■ What to do:
For this exercise, reproduce the entries below exactly, but only from the line containing "Complementing the table" through the line containing "सामाजिक सांस्कृतिक संस्था", both included.

■ Provided records:
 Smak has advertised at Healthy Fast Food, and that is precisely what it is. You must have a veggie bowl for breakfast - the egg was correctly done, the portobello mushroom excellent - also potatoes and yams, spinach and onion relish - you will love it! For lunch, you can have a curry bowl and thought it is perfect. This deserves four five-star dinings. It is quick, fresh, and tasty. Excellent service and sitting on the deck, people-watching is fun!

--

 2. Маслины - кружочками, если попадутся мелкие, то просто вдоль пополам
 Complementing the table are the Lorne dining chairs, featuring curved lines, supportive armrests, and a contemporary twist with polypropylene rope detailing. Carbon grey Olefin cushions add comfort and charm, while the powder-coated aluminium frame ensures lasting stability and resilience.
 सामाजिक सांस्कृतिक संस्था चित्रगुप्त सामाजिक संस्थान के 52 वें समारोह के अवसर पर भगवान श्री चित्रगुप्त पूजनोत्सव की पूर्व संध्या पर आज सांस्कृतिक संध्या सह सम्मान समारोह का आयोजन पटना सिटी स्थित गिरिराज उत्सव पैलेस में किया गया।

---

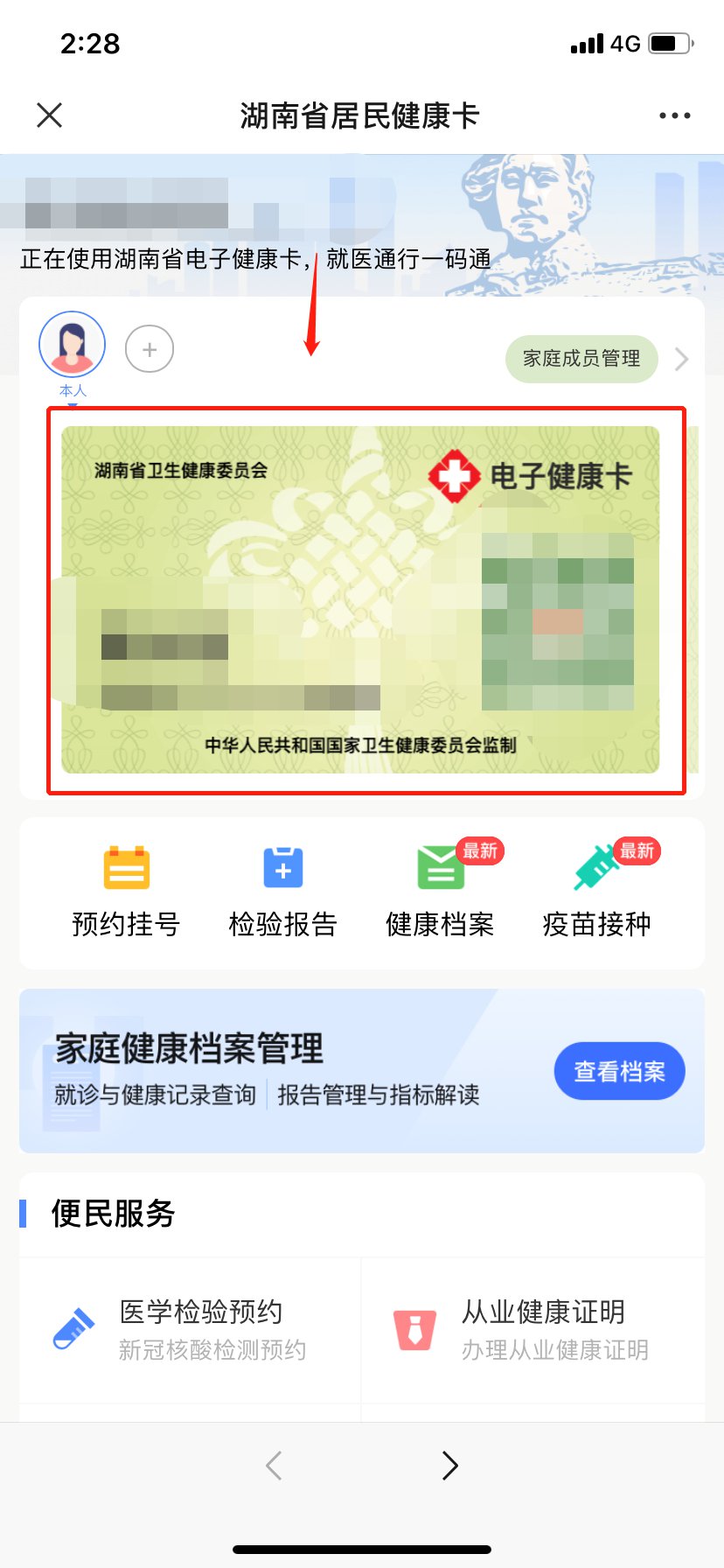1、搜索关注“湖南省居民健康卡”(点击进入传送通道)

■ Written solution:
 Complementing the table are the Lorne dining chairs, featuring curved lines, supportive armrests, and a contemporary twist with polypropylene rope detailing. Carbon grey Olefin cushions add comfort and charm, while the powder-coated aluminium frame ensures lasting stability and resilience.
 सामाजिक सांस्कृतिक संस्था चित्रगुप्त सामाजिक संस्थान के 52 वें समारोह के अवसर पर भगवान श्री चित्रगुप्त पूजनोत्सव की पूर्व संध्या पर आज सांस्कृतिक संध्या सह सम्मान समारोह का आयोजन पटना सिटी स्थित गिरिराज उत्सव पैलेस में किया गया।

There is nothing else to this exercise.